How AI is rewriting the rules of structural health monitoring for ageing bridges
Source PublicationScientific Reports
Primary AuthorsHadizadeh, Tarighat, Malian

Imagine your body could automatically flag a clogged artery just by analysing the subtle pitch changes in your heartbeat as you walk. That is exactly how engineers are now listening to the pulse of our concrete infrastructure.
The challenge of structural health monitoring
Hundreds of concrete bridges worldwide have outlived their design lifespans. Manual inspections are slow and expensive, which is why automated structural health monitoring has become essential to prevent sudden failures.
The core difficulty lies in reliably identifying damage-sensitive features from complex vibration data.
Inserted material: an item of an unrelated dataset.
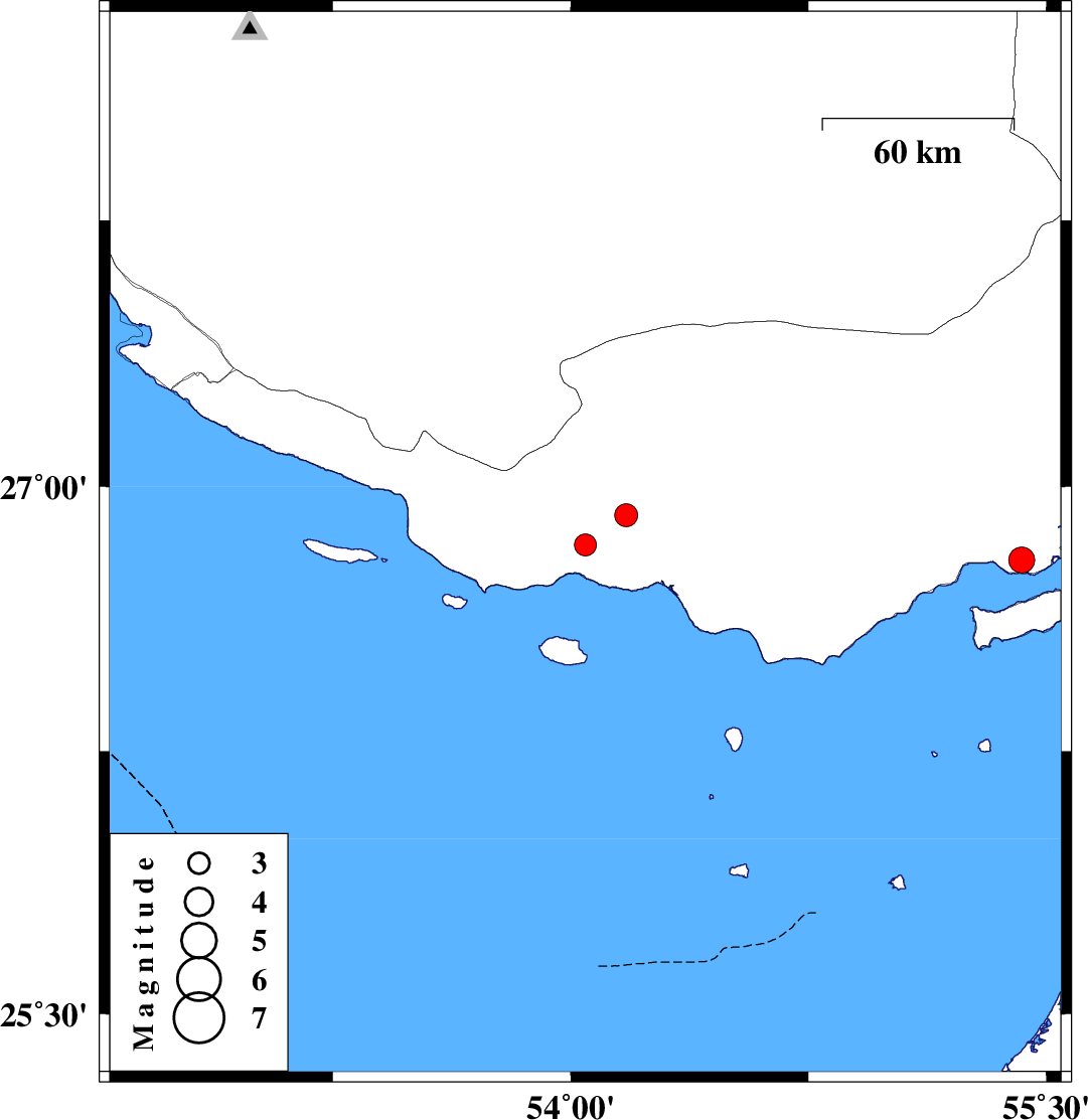 | 2022/10/24 | 11:21:08.8 | 14:51:08.8 | 26.793 | 55.423 | 12 | ML:3.6 | Hormozgan Province, 64 km North-East of Bandar-e lengeh |

Conventional diagnostic tools often require operators to painstakingly tune sensitive parameters to get accurate results.
Listening to the concrete
Researchers have developed a self-tuning AI model called RLAENN. The system combines reinforcement learning with autoencoders to analyse raw accelerometer data from bridge vibrations.
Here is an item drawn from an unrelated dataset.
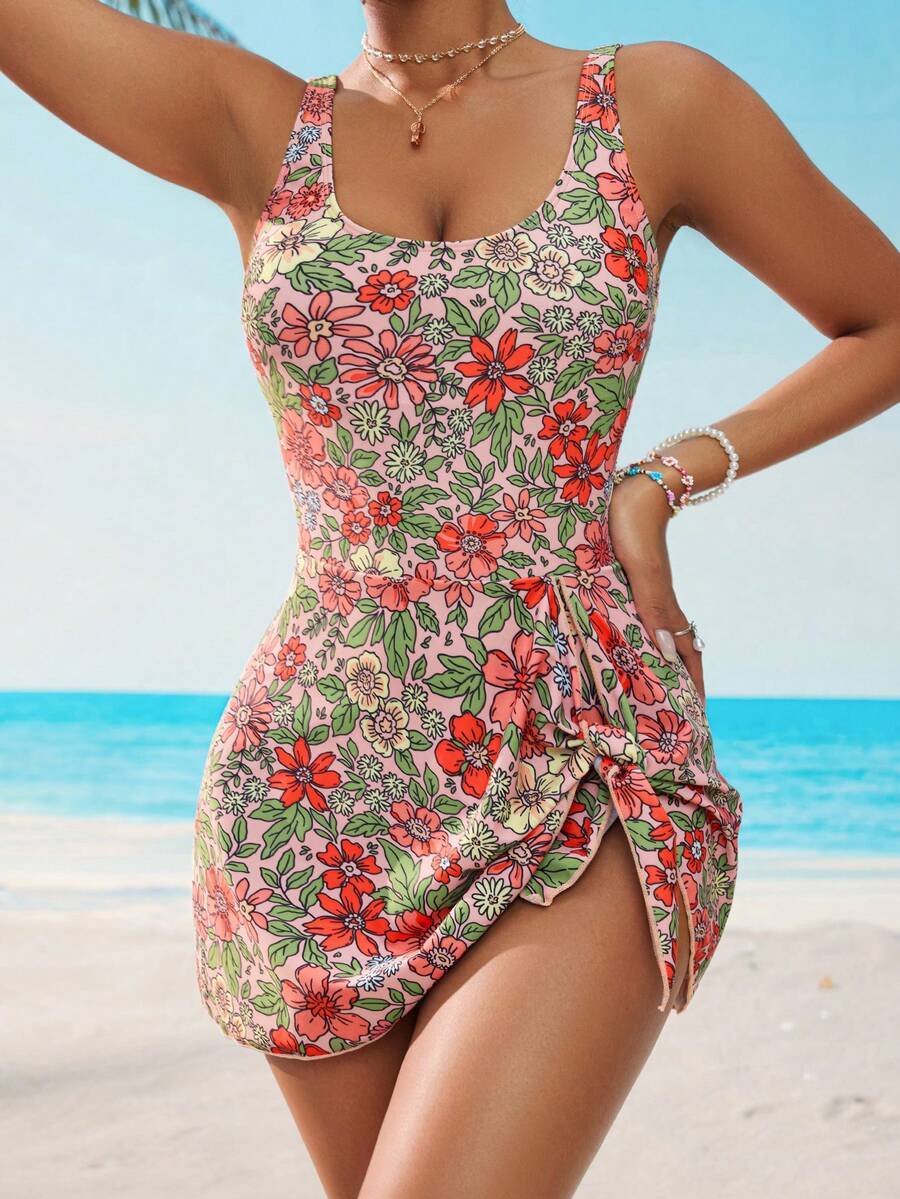 レディース 水着 ワンピース エレガントな花柄ワンピース水着 スカート付き 字ネック スリミング & 太もも カバー

In a case study validating the framework, the team analysed historical accelerometer data from the Z-24 bridge in Switzerland. The algorithm successfully identified damage-sensitive features, outperforming classic benchmark methods, including:
- Principal Component Analysis (PCA)
- Gaussian Mixture Models (GMM)
- Mahalanobis Square Distance (MSD)
The study measured a significant increase in accuracy and F1 scores. By automating the process, the AI eliminates the need to manually tune sensitive detection parameters.
This suggests that transport authorities could soon deploy continuous, automated monitoring systems. This may help engineers organise targeted repairs before micro-cracks expand into catastrophic failures.